This is a proof-of-concept case study in an HTA context applying a recently developed value framework, the Advance Value Framework (AVF),22,23 for assessing the value of metastatic castrate-resistant prostate cancer (mCRPC) treatment options following second-line chemotherapy. This corresponds to the first of a series of case studies that test in practice the AVF by engaging with and eliciting the preferences of decision makers from national HTA agencies and payer bodies in Europe. It forms continuation of pilot work from an earlier case study on the assessment of drugs for metastatic colorectal cancer using value judgements from a range of stakeholders in the English setting. 24 A facilitated workshop was organized taking the form of a decision conference, 25 adopting a facilitated decision analysis modelling approach,26,27 and involving an experts panel of assessors from the Swedish Dental and Pharmaceutical Benefits Agency (Tandvårds- och läkemedelsförmånsverket [TLV]). Metastatic prostate cancer was chosen as a case study topic mainly because of its high disease severity and the availability of several expensive treatment options that highlight a clear decision problem.
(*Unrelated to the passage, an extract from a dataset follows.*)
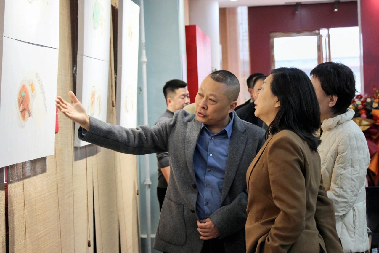 漫步展厅,6位画家以多元视角诠释中原文化的匠心之作,吸引了不少美术工作者与爱好者驻足流连。他们或凝神细观、拍照学习,或三三两两交流切磋。展览现场,贾发军将中原美食跃然纸上,市井烟火中尽显生活真淳,笔墨轻松而意趣盎然;杜亚民用油画捕捉中原光影,色彩沉稳间流淌诗意,现实与抒情交织。付万全的写意花鸟突破传统,笔墨形态充满当代张力;张海江则扎根文脉,花鸟间透出温润古意。齐柠以版画重构视觉经验,黑白版痕中蕴含叙事深度;高忠亮则以文人高士及钟馗形象寄寓当代精神,笔墨豪放中见人格力量。

This indication has been a popular appraisal topic by numerous HTA agencies, including TLV in Sweden and the National Institute for Health and Care Excellence (NICE) in England.
The adaptation of the AVF for the metastatic prostate cancer setting is described in the Methods section, the rankings of the treatment options based on their value are shown in the Results section, with limitations of the methodology and challenges of MCDA applications in HTA presented in the Discussion section.
Methods
Methodological Framework
The AVF was applied for assessing the value of a set of drug treatments, similarly to a previous application for another oncology indication. 24 This methodology adopts an MCDA “clean-slate” approach for HTA 12 based on multi-attribute value theory (MAVT),28,29 with the aim to derive a comprehensive value function following five iterative phases: 1) problem structuring, 2) model building, 3) model assessment, 4) model appraisal, and 5) development of action plans. 23 The AVF was operationalized using the decision support system M-MACBETH, enabling the use of visual graphics to build a model of values, acting as a facilitation tool to inform both the design phases (1 and 2) and evaluation phases (3 and 4) of the methodological process. 30 Additional information on the methodological process can be found in the Online Supplementary Appendix.
Clinical Practice and Scope of the Exercise (Problem Structuring)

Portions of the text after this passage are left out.